WHAT TO WORK ON:
Below are records with pictures; copy word for word only the lines between the line with "รูปใช้เพื่อประกอบการโฆษณาเท่านั้น" and the line with "til havs, som", inclusive, and drop the pictures.

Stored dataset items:
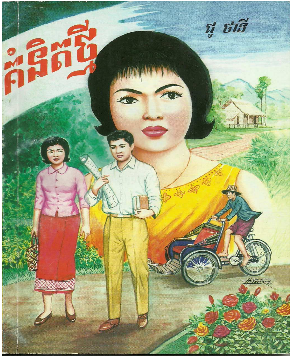
ផ្សាយដំបូងនៅឆ្នាំ១៩៦៦។
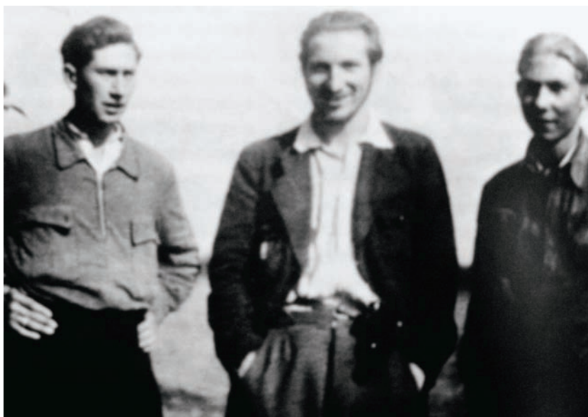
V odboji na Podlesí
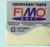
Leucht-Fimo (aus dem Bastelgeschäft) und Silberpapier
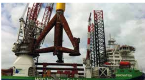
Aplicaciones en plataformas offshore
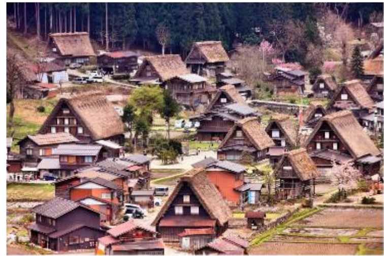
รูปใช้เพื่อประกอบการโฆษณาเท่านั้น
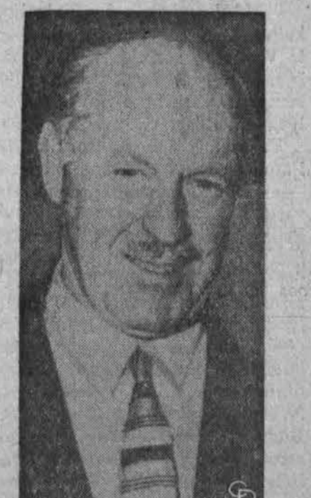
Drew Pearson, žinomas amerikietis kolumnistas, mirė slaukęs 71 m. po ligos, kuri jį ištiko jo ūkyje Potomac. Md. Buvo labai žinomas žurnalistas.

— Honduro ir El Salvadoro valstybės vėl galį pradėti kariauti. Abi viena kita kaltina taikos susitarimų pažeidimais.
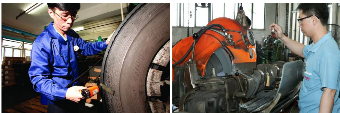
九巴設有車胎翻新儀器把舊車胎翻新重用，減少廢物的產生
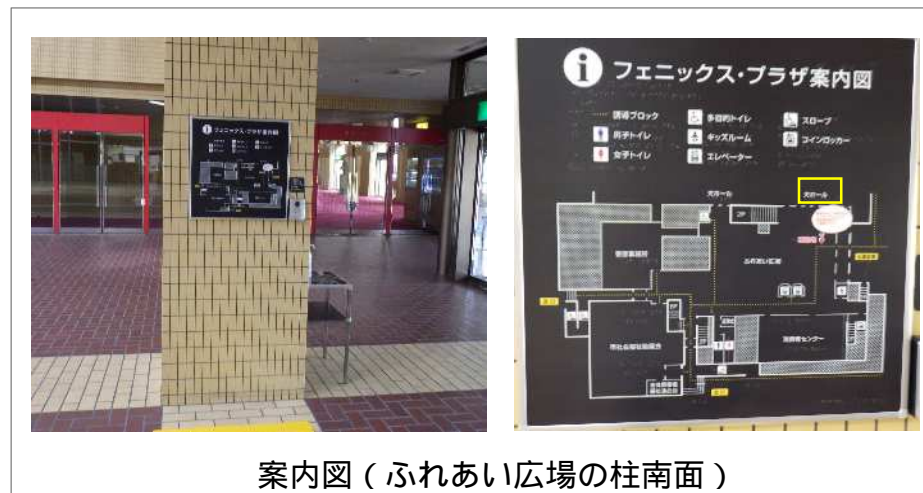
案内図 (ふれあい広場の柱南面)
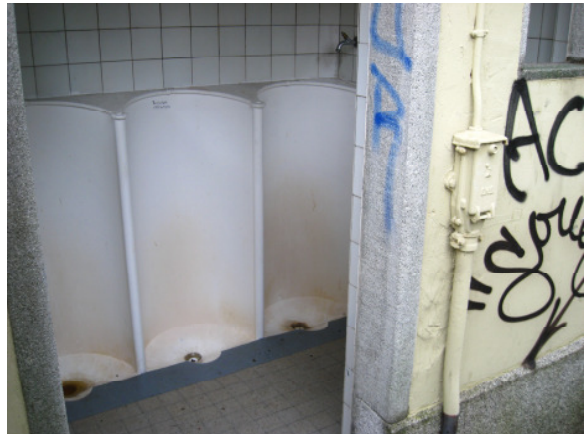
Öffentliche Toilettenanlage Breitematte: Aktuelle Situation
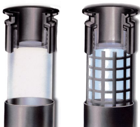
FEP fluoropolymer utan/med stödbur

Några exempel på andra synglas i vårt sortiment:
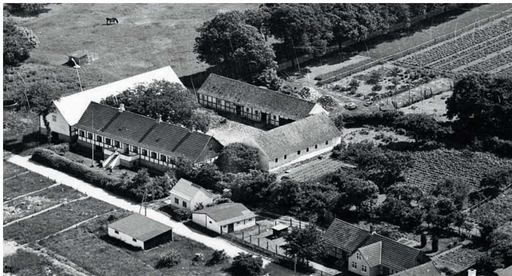
Luffoto af Listedgård 1946.

til havs, som A. P. begyndte i disse år, kom avlsbruget til at betyde relativt mindre som indtægtskilde for familien. Der er dog ingen tegn på, at A. P. mistede interessen for sit avlsbrug, og han opkøbte så sent som i 1887 et mindre jordstykke.
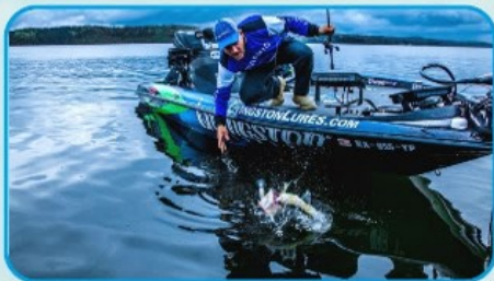
ЗАПРЕЩАЕТСЯ СИДЕТЬ НА БОРТАХ И НОСОВОМ ОТСЕКЕ ЛОДКИ

PROBLEM SOLUTION:
รูปใช้เพื่อประกอบการโฆษณาเท่านั้น
Drew Pearson, žinomas amerikietis kolumnistas, mirė slaukęs 71 m. po ligos, kuri jį ištiko jo ūkyje Potomac. Md. Buvo labai žinomas žurnalistas.

— Honduro ir El Salvadoro valstybės vėl galį pradėti kariauti. Abi viena kita kaltina taikos susitarimų pažeidimais.
九巴設有車胎翻新儀器把舊車胎翻新重用，減少廢物的產生
案内図 (ふれあい広場の柱南面)
Öffentliche Toilettenanlage Breitematte: Aktuelle Situation
FEP fluoropolymer utan/med stödbur

Några exempel på andra synglas i vårt sortiment:
Luffoto af Listedgård 1946.

til havs, som A. P. begyndte i disse år, kom avlsbruget til at betyde relativt mindre som indtægtskilde for familien. Der er dog ingen tegn på, at A. P. mistede interessen for sit avlsbrug, og han opkøbte så sent som i 1887 et mindre jordstykke.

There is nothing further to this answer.